* What is needed
Repeat every line of the listing below exactly, minus the pictures.

* Dataset extract
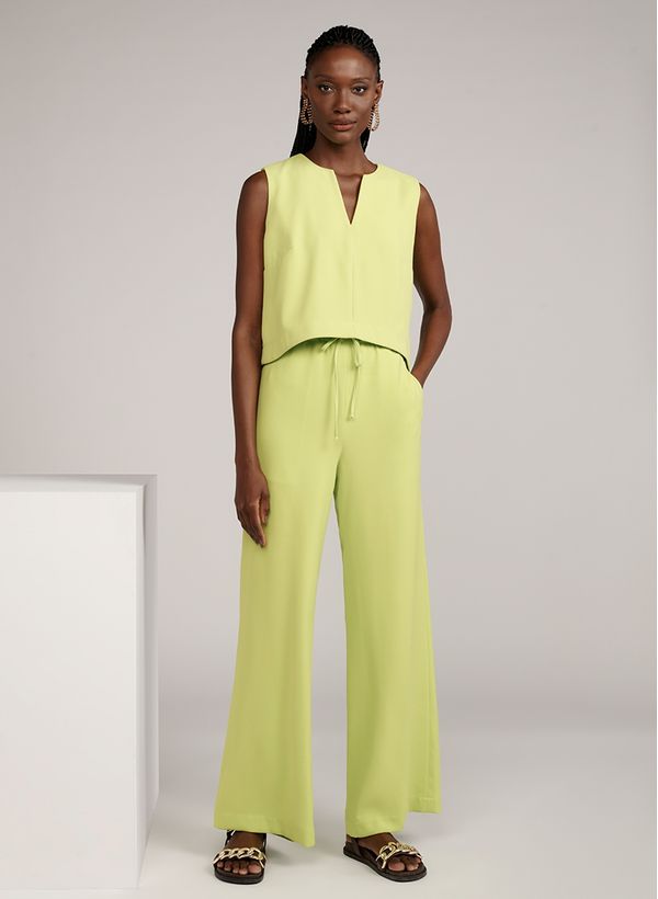 Confeccionada em tecido plano, a Calça possui modelo pantalona, cós com elástico e cordão para amarração, bolsos frontais modelo faca e acabamento pespontado.
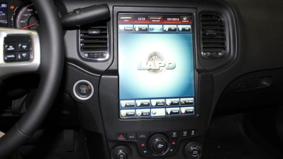 Chrysler has installed 12.1-inch screens into two Dodge Charger patrol cars for the Los Angeles Police Department that significantly reduce the amount of police equipment in the cockpit.
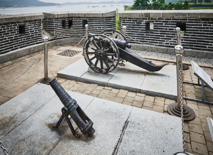 The watchtower was fortified in the Joseon dynasty by King Sukjong in 1679 and had once fallen during the French campaign against Korea in 1866. In 1977, the site was restored to its original form. The cannons exhibited at the current site were made during the Joseon dynasty to attack outside invaders from sea.

* Written answer
 Confeccionada em tecido plano, a Calça possui modelo pantalona, cós com elástico e cordão para amarração, bolsos frontais modelo faca e acabamento pespontado.
 Chrysler has installed 12.1-inch screens into two Dodge Charger patrol cars for the Los Angeles Police Department that significantly reduce the amount of police equipment in the cockpit.
 The watchtower was fortified in the Joseon dynasty by King Sukjong in 1679 and had once fallen during the French campaign against Korea in 1866. In 1977, the site was restored to its original form. The cannons exhibited at the current site were made during the Joseon dynasty to attack outside invaders from sea.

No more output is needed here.